Tuesday, April 24, 2018

Rooting for the Home Team: Jesner shows how Foreign Corporations can benefit from American Ideology

by Jena Martin, guest contributor, Professor, West Virginia University College of Law

Today, Justice Kennedy writing the plurality opinion for a splintered court, held that foreign corporations who commit human rights violations cannot be sued under the Alien Tort Statute (the ATS).  In doing so, the court effectively ended a twenty-two year old strategy  used by human rights advocates – namely using U.S. civil litigation to bring redress for victims of business and human rights violations.

Writing for a fractured court (the majority opinion was limited to section I, Section II B-1 and Section II-C of Kennedy’s opinion), Justice Kennedy made an explicit distinction between natural persons and corporations as defendants for the purposes of ATS liability. In that regard, much of the majority opinion seems to be devoted to answering the question Justice Ginsburg asked during oral arguments in this matter, a question that remains relevant today: “why you would split individual and corporation [in ATS litigation]?”  Specifically, while Justice Kennedy acknowledged that “ ‘the singular achievement of international law since the Second World War has come in the area of human rights,’ where international law now imposes duties on individuals as well as nation-states,” he goes on to argue that this principle of individual liability does not extend to corporations to the level that he argues is necessary under the standard set out in the court’s Sosa opinion (namely that the principle be “specific, universal and obligatory”).  Instead, Justice Kennedy finds enough disagreement in the organizing statutes of enough tribunals to find a distinction between corporations and natural persons under current international law.
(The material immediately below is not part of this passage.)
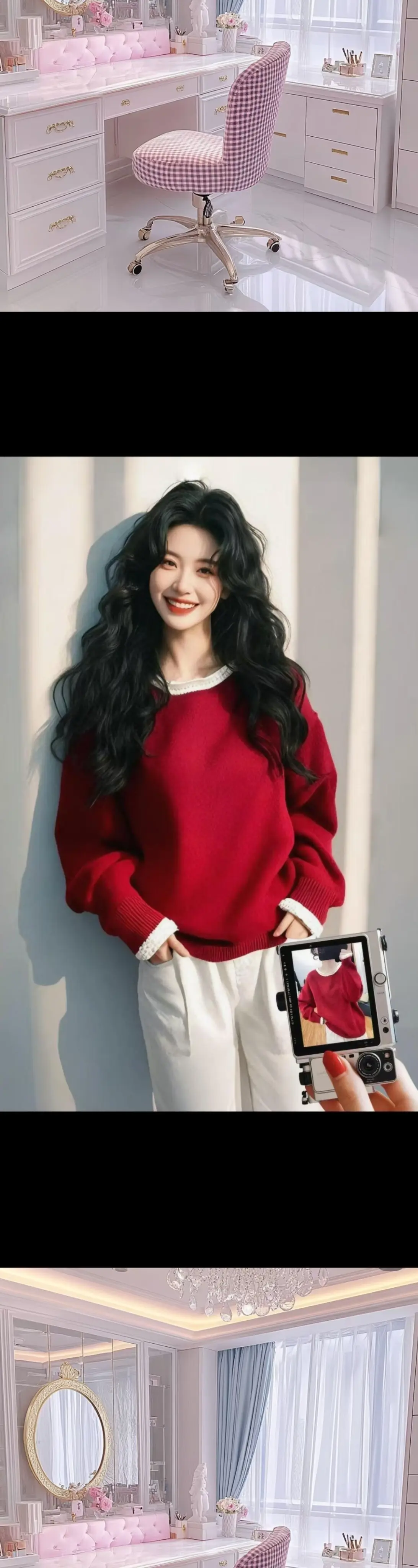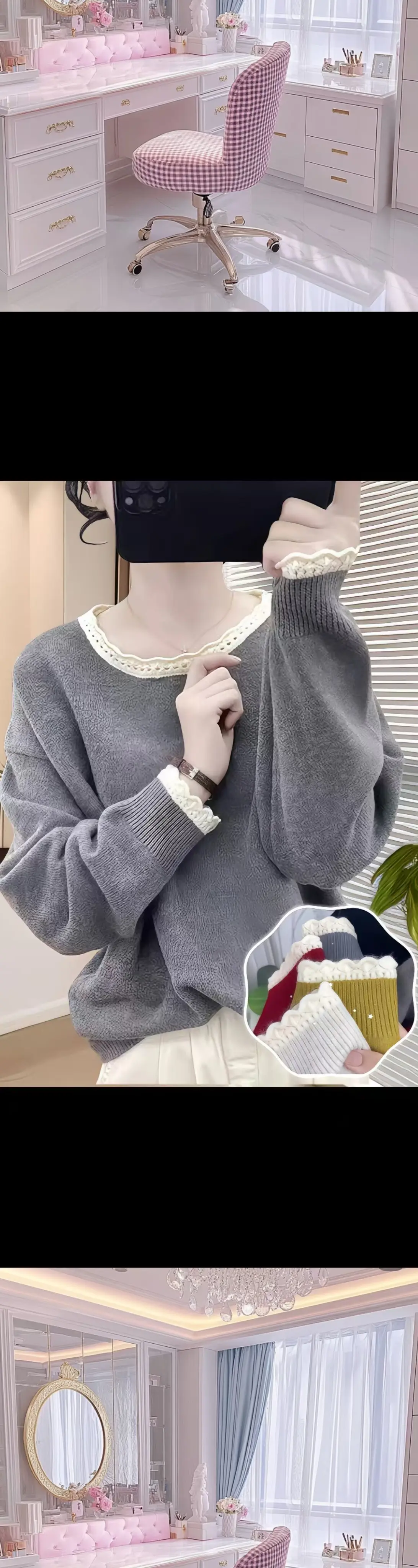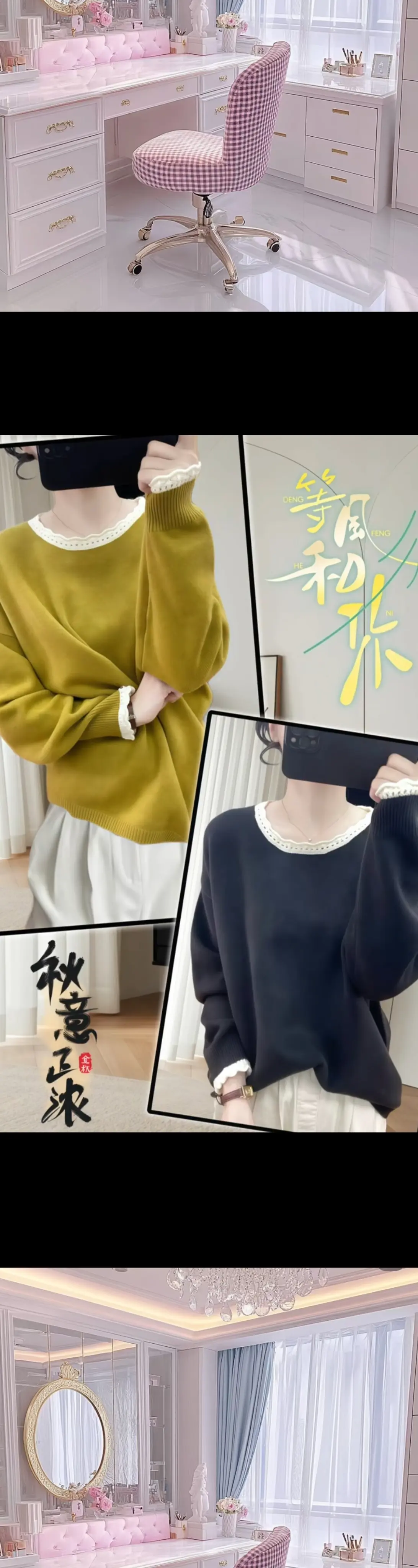 🍂减龄花边针织衫。🌈 款秋冬花边领拼色针织衫真是太美了!2024 新款,设计感满满呀!宽松的版型,舒适又减 龄,完美遮掩小肚子,搭配长袖让你在这寒冷的季节依然温暖可人。圆领打底衫的设计,让整体显得优雅又时尚

In a previous blog, I noted that during oral arguments three of the court’s more conservative members: Roberts, Alito, and Gorsuch, explicitly raised issues that would limit ATS’s reach: (1) the scope of extraterritoriality; (2) the prospect of foreign entanglement; and (3) the foreign nationality of corporations.  All of these find purchase here.  For instance, the Court notes that part of the reason for limiting the use of ATS against foreign corporations is to reduce the diplomatic challenges that he claims have arisen because of this litigation. However, as Justice Sotomayor points out in her dissenting opinion (in which Justices Ginsburg, Breyer and Kagan joined) “none of those objections was about the availability of corporate liability as a general matter. (Dissent at 21). 
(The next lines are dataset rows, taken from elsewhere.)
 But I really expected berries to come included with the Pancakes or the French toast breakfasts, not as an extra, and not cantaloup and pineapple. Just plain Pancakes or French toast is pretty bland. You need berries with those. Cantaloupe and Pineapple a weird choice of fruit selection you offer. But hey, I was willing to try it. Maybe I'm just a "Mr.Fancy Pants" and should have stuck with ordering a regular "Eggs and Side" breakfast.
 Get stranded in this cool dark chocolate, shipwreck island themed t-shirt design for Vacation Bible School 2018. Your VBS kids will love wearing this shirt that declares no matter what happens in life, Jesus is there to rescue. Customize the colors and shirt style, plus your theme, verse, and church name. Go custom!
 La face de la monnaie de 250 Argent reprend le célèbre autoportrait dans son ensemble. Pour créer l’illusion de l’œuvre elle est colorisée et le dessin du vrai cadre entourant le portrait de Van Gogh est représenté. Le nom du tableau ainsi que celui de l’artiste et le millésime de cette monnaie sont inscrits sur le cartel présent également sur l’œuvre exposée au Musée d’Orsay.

But, in the end, it appears that the Court’s opinion comes down to thinly disguised American Exceptionalism.  Justice Kennedy makes this position clear.  Despite exhortations earlier in his opinion that the “principle and commitment [to human rights] support the conclusion that human-rights norms must bind the individual men and women responsible for committing humanity’s most terrible crimes” (Opinion at 14), Kennedy would subsume this commitment under a seemingly more pressing concern.  As he notes on p. 24 of his opinion “[i]f . . . the Court were to hold that foreign corporations may be held liable under ATS, that precedent setting principle ‘would imply that other nations, also applying the law of nations, could hale our [corporations] into their courts for alleged violations of the law of nations.”  U.S. Corporations 1. Everyone Else 0.